The localization of Majorana zero modes has a well-defined meaning: consider a Kitaev chain with two ends. Because of the zero modes, there are two nearly degenerate ground states, let us call them $|0\rangle$ and $|1\rangle$, which have opposite fermion parities. They are localized as "single-particle wavefunctions" in the following sense: if one computes the matrix element $\langle 1|c^\dagger(x)|0\rangle$ where $c^\dagger(x)$ is the creation operator for fermions, the result is an exponentially decaying function of $x$ away from the edge. This definition works even when the system is interacting. Intuitively it means that the weight for creating a single fermion excitation is localized near the edge, and in the bulk there is a finite gap to the single particle excitations.

Answer 2

In addition to what Meng Cheng said, remark that the mean-field Bogoliubov-Gennes Hamiltonian, say

$$H=\sum_{k}\left(c_{k}^{\dagger}H_{0}c_{k}+\Delta_{k}c_{k}c_{-k}+\Delta_{k}^{\ast}c_{-k}^{\dagger}c_{k}^{\dagger}\right)$$ can be diagonalised by the Bogoliubov transformation you mentioned :

$$\gamma_{q}^{\dagger}=\sum_{k}\left(u_{q}^{k}c_{k}+v_{q}^{k}c_{k}^{\dagger}\right)$$

which simply signifies that $$H=\sum_{q}\epsilon_{q}\gamma_{q}^{\dagger}\gamma_{q}$$ (all details in the book by P.G. de Gennes: Superconductivity of metals and alloys.
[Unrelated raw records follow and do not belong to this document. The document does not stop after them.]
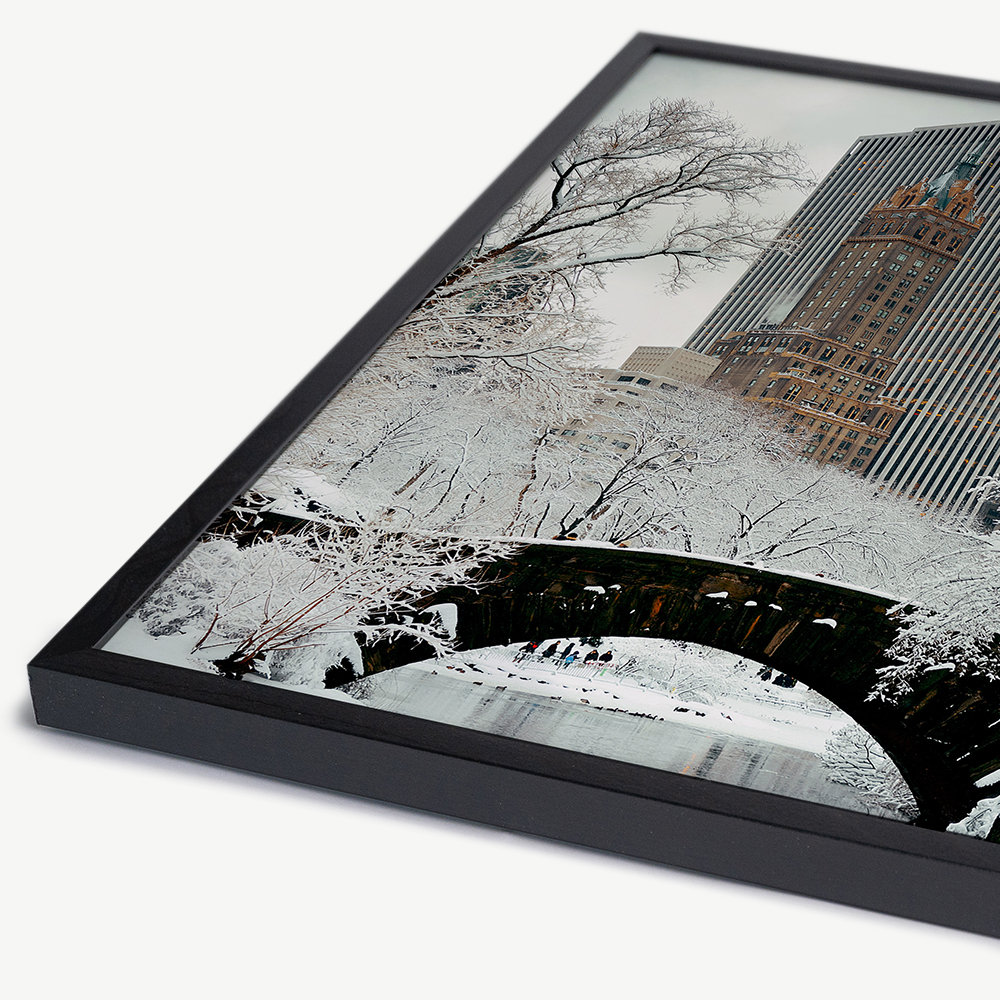 Die Wanddeko Central Park wird in einem schwarzen Buchenholzrahmen geliefert, der für seine Langlebigkeit und natürliche Schönheit bekannt ist. Der Holzrahmen präsentiert das moderne Wandbild auf eine Weise, die ihm Tiefe und Dimension verleiht und es zu einem echten Blickfang in Ihrem Interieur macht.
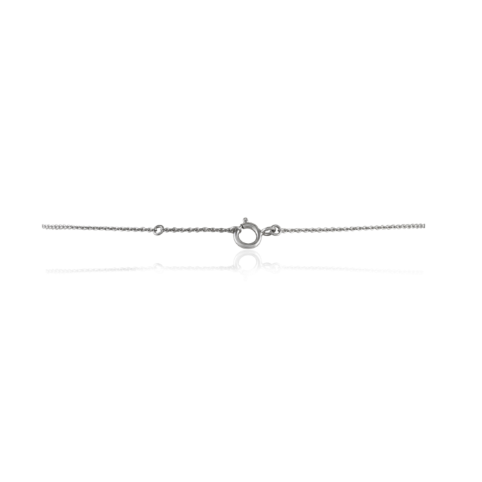 Adding to the elegance, this necklace is adorned with twenty-two diamonds totaling 0.08 carats. The diamonds, each measuring 1.2 mm, are set in a sophisticated prong setting that enhances their natural brilliance. This design allows their vivid sparkle to shine through, creating a captivating effect that elevates the overall appeal of the necklace.
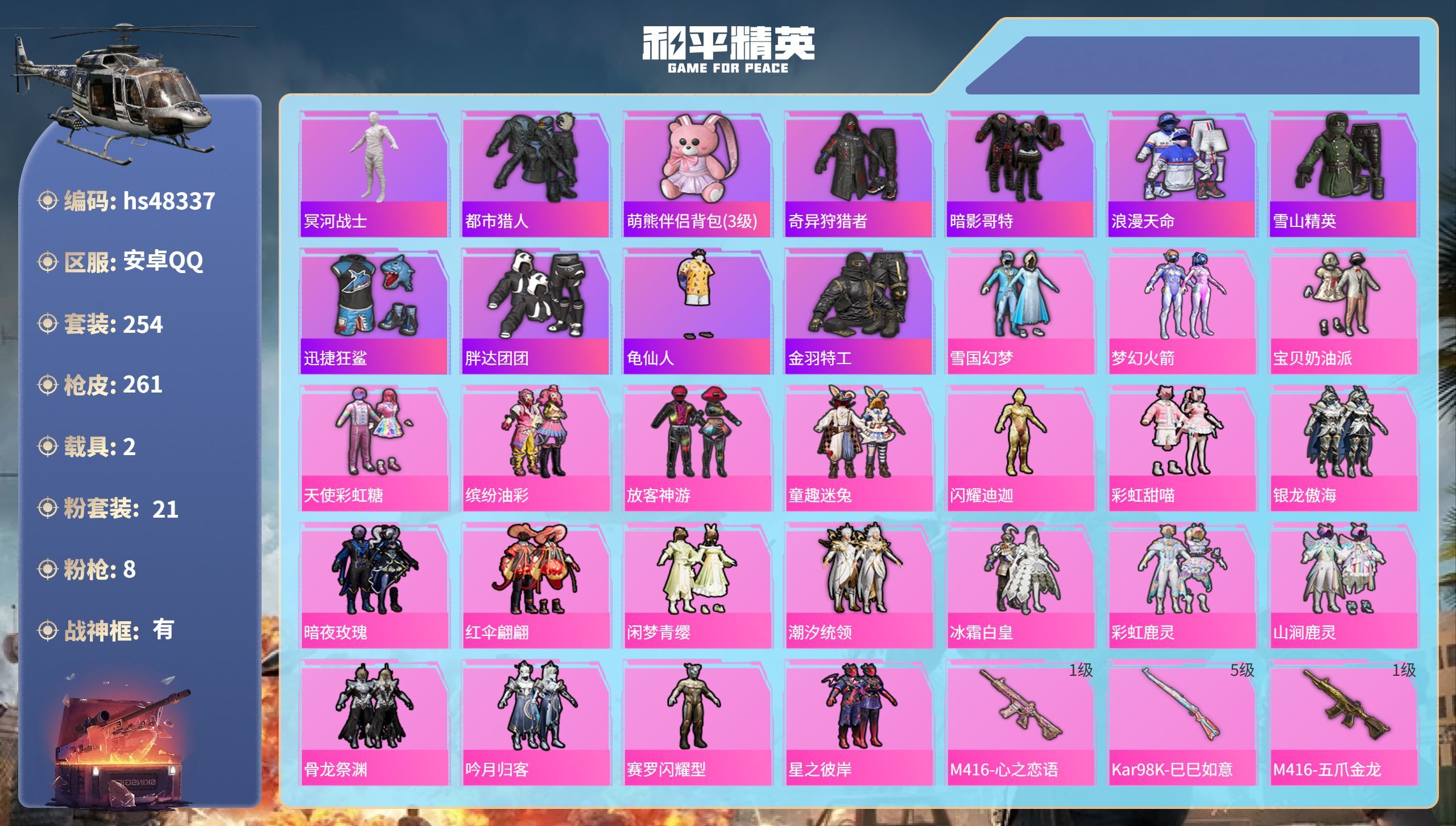 hs48337 安卓手Q-20王牌印记-有战神框-21粉装-8特效枪-2载具-100515热力值-2

We interpret the above expression as the total energy of the system, provided we identify $\epsilon_{q}$ as the energy of the mode $q$ which is created by the operator $\gamma_{q}^{\dagger}$. Then, provided you know the vacuum, say $\left|\emptyset\right\rangle $, what forbids you to define the wave function of the mode $q$ as $\Psi_{q}\left(x\right)\sim\left\langle x\right|\gamma_{q}^{\dagger}\left|\emptyset\right\rangle $ ? It has all the properties of a wave-function (normalisation, significance of $\left|\Psi_{q}\left(x\right)\right|^{2}$, ...), and in fact it is the wave-function of an excitation quasi-particle above the superconducting ground-state.
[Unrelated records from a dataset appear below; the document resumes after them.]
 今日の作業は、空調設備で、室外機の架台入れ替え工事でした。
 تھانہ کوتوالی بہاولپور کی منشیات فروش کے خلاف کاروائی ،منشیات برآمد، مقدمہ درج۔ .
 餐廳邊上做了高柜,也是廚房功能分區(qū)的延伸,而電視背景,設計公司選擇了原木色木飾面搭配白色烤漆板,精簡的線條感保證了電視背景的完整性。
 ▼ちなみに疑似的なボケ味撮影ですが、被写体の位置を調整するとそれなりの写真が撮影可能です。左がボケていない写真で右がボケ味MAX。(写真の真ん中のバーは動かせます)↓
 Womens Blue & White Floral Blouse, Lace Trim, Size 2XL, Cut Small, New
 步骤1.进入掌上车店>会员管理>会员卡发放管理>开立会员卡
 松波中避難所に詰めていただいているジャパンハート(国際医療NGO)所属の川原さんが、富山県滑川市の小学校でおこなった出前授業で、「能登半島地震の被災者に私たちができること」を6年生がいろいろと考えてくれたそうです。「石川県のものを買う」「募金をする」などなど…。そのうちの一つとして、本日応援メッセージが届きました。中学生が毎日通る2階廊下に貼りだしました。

For Majorana modes, there is (at least) one wave-function which decays exponentially: $\Psi_{0}\left(x\right)\sim e^{-qx}$ and thus it has to be located at the edge with an other system.
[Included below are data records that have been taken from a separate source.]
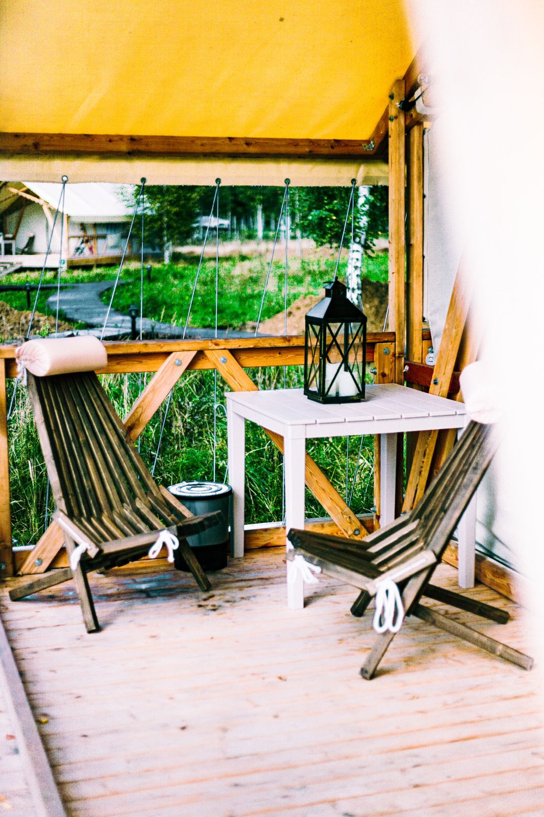 Стильный и современный сафари-тент с уютной верандой «Лисья нора».
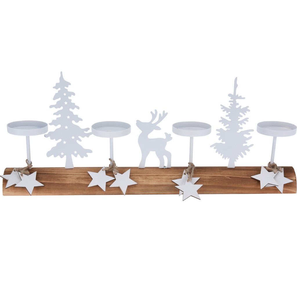 Tento elegantný adventný svietnik je ideálny na vytvorenie čarovnej vianočnej atmosféry. Dizajn s motívom jeleňa dodáva dekorácii prirodzený a štýlový vzhľad, ktorý sa hodí do každého interiéru. Svietnik je určený na čajové sviečky, ktoré počas adventného obdobia krásne rozžiaria váš domov.
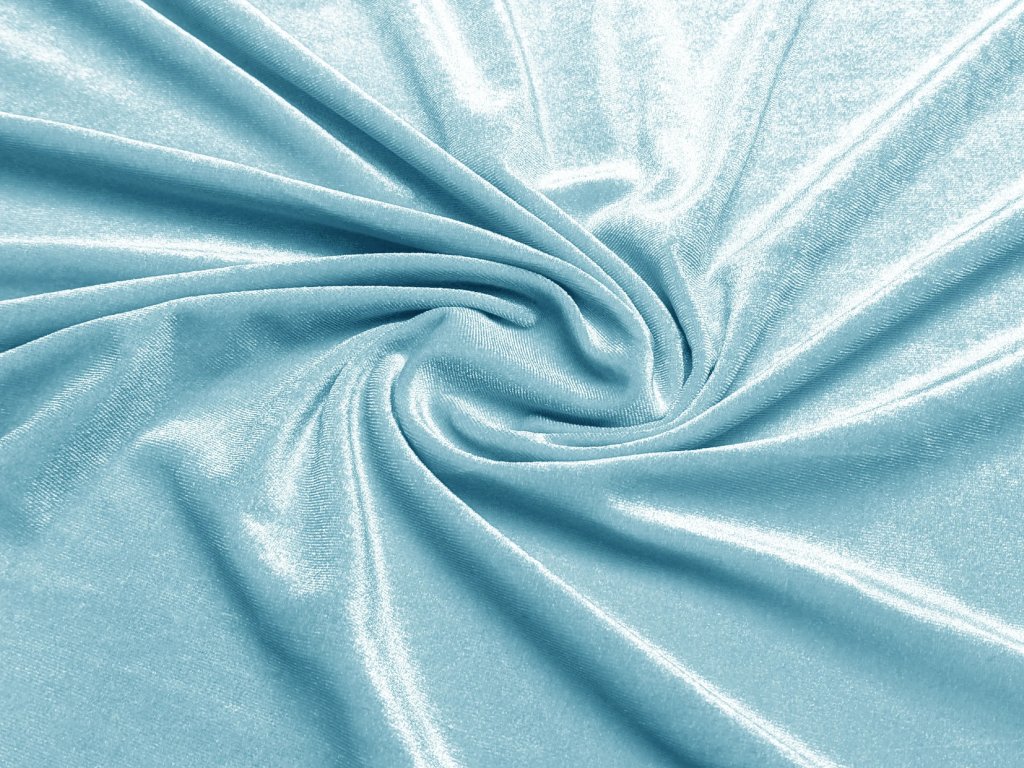 Elastický samet velur je kvalitní, z velmi pružného materiálu. Obepne tělo aniž by škrtil, což umožňuje volnost v pohybu. Povrch odráží světlo, samet hraje různými odstíny jedné barvy od světlé po tmavou. Látku můžete použít na výrobu večerních společenských šatů, tunik, sak, tanečních a historických kostýmů.
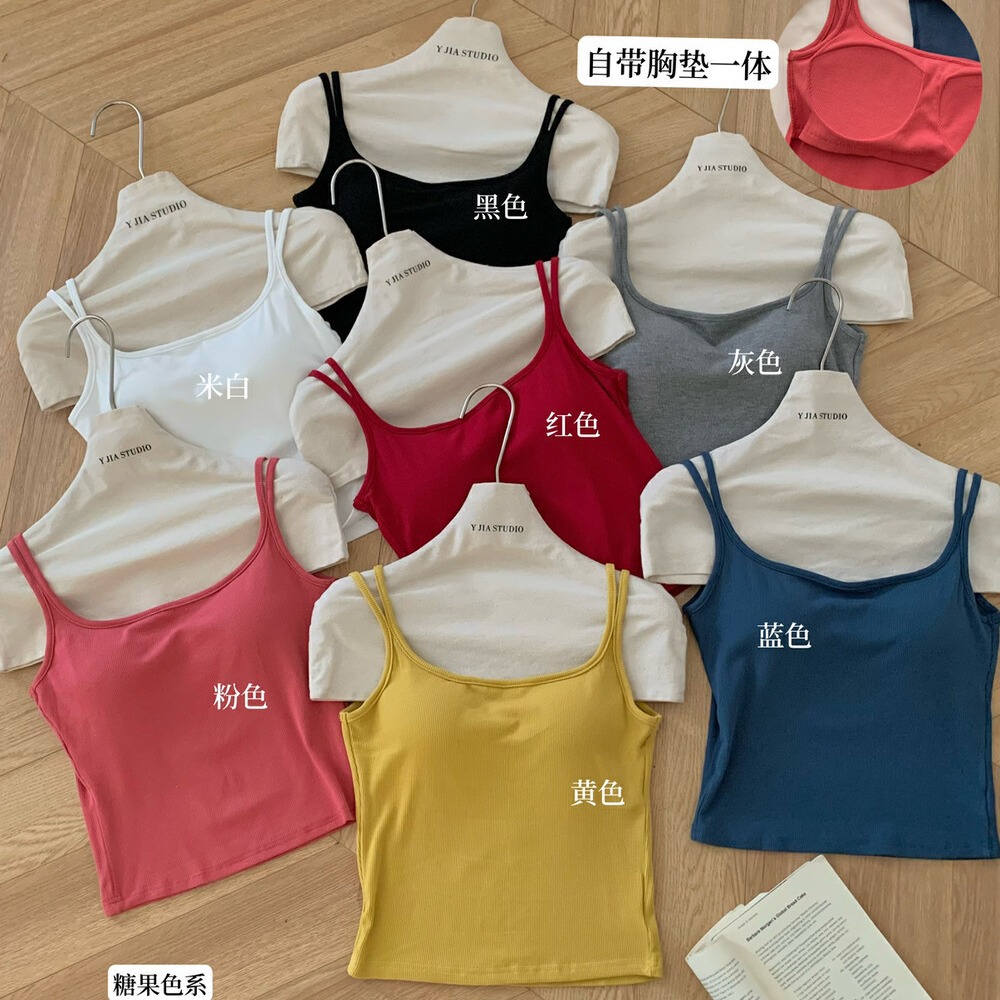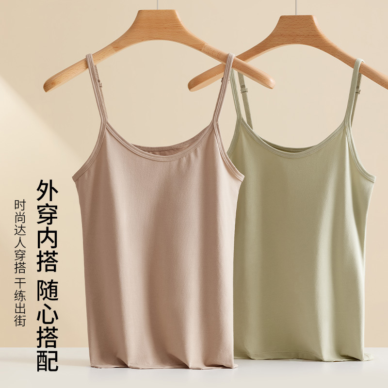 初秋の日焼け止め、痩身、通気性のあるアイスシルクの涼しいキャミソール、胸パッド付き、アンチランニングカップアウターウェア、ホットガールトップ

From the definition of the $\gamma_{q}^{\dagger}$ above, you can see that choosing convenient form of the functions $u_{q}^{k}$ and $v_{q}^{k}$ can lead to the condition $\gamma_{q}^{\dagger}=\gamma_{q}$, which is the definition of a Majorana fermion. In superconductors one should never forget that the operator $c_{k}^{\dagger}$ are not really electronic ones: they represent the creation of an excitation in a normal metal / semi-conductor, ... So we should avoid discussing Majorana fermion, and keep the more accurate Majorana modes.